Required work
Restate the following records word for word without images.

Stored items
━━━━━━

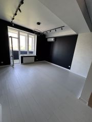 В квартире уже выполнен современный дизайнерский ремонт в стиле лофт, выполнена разводка электрики, установлен кондиционер. Необходимо только подобрать мебель и наслаждаться чудесным видом на горы с закрытого балкона.
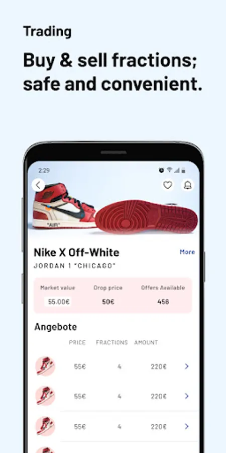 Our newly introduced limit orders make trading a breeze. Simply specify the number of fractions you would like to buy and your price limit, and we will make the purchase as soon as a matching offer is available. This way, you'll never miss out on a good deal again.
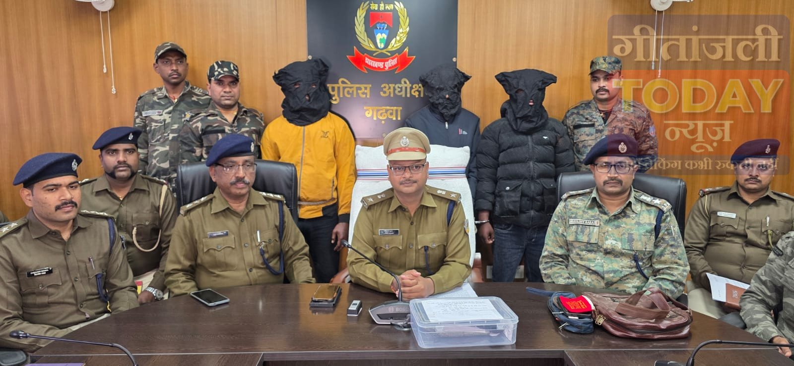 गढ़वा : नगर उंटारी थाना क्षेत्र अंतर्गत 29 नवंबर 2025 को राधा कृष्णा ज्वेलर्स के मालिक को दुकान बंद कर घर लौटने के दौरान गोली मारकर घायल करने एवं लूटपाट की घटना का पुलिस ने सफल उद्भेदन कर लिया है। इस मामले में तीन शातिर अपराधियों को गिरफ्तार किया गया है, जिनके पास से हथियार, लूटा गया सामान और घटना में प्रयुक्त बाइक बरामद की गई है।
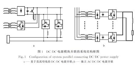 DC/DC電源并聯(lián)有兩種拓撲結(jié)構(gòu),一種是采用輸入直流母線結(jié)構(gòu),其系統(tǒng)結(jié)構(gòu)框圖如圖1a所示,主要包括整流變壓器和不可控二極管整流電路,N 路DC/DC變換器,泵升電壓抑制電路等;另一種是采用獨立的AC-DC/DC電源并聯(lián),系統(tǒng)結(jié)構(gòu)圖如圖1b所示。
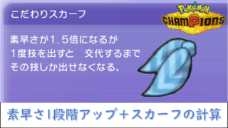 道具データ 「素早さ2段階上昇」より「素早さ1段階上昇+こだわりスカーフ」の方が速い!【ポケモンチャンピオンズ】

━━━━━━

Result of this exercise
 В квартире уже выполнен современный дизайнерский ремонт в стиле лофт, выполнена разводка электрики, установлен кондиционер. Необходимо только подобрать мебель и наслаждаться чудесным видом на горы с закрытого балкона.
 Our newly introduced limit orders make trading a breeze. Simply specify the number of fractions you would like to buy and your price limit, and we will make the purchase as soon as a matching offer is available. This way, you'll never miss out on a good deal again.
 गढ़वा : नगर उंटारी थाना क्षेत्र अंतर्गत 29 नवंबर 2025 को राधा कृष्णा ज्वेलर्स के मालिक को दुकान बंद कर घर लौटने के दौरान गोली मारकर घायल करने एवं लूटपाट की घटना का पुलिस ने सफल उद्भेदन कर लिया है। इस मामले में तीन शातिर अपराधियों को गिरफ्तार किया गया है, जिनके पास से हथियार, लूटा गया सामान और घटना में प्रयुक्त बाइक बरामद की गई है।
 DC/DC電源并聯(lián)有兩種拓撲結(jié)構(gòu),一種是采用輸入直流母線結(jié)構(gòu),其系統(tǒng)結(jié)構(gòu)框圖如圖1a所示,主要包括整流變壓器和不可控二極管整流電路,N 路DC/DC變換器,泵升電壓抑制電路等;另一種是采用獨立的AC-DC/DC電源并聯(lián),系統(tǒng)結(jié)構(gòu)圖如圖1b所示。
 道具データ 「素早さ2段階上昇」より「素早さ1段階上昇+こだわりスカーフ」の方が速い!【ポケモンチャンピオンズ】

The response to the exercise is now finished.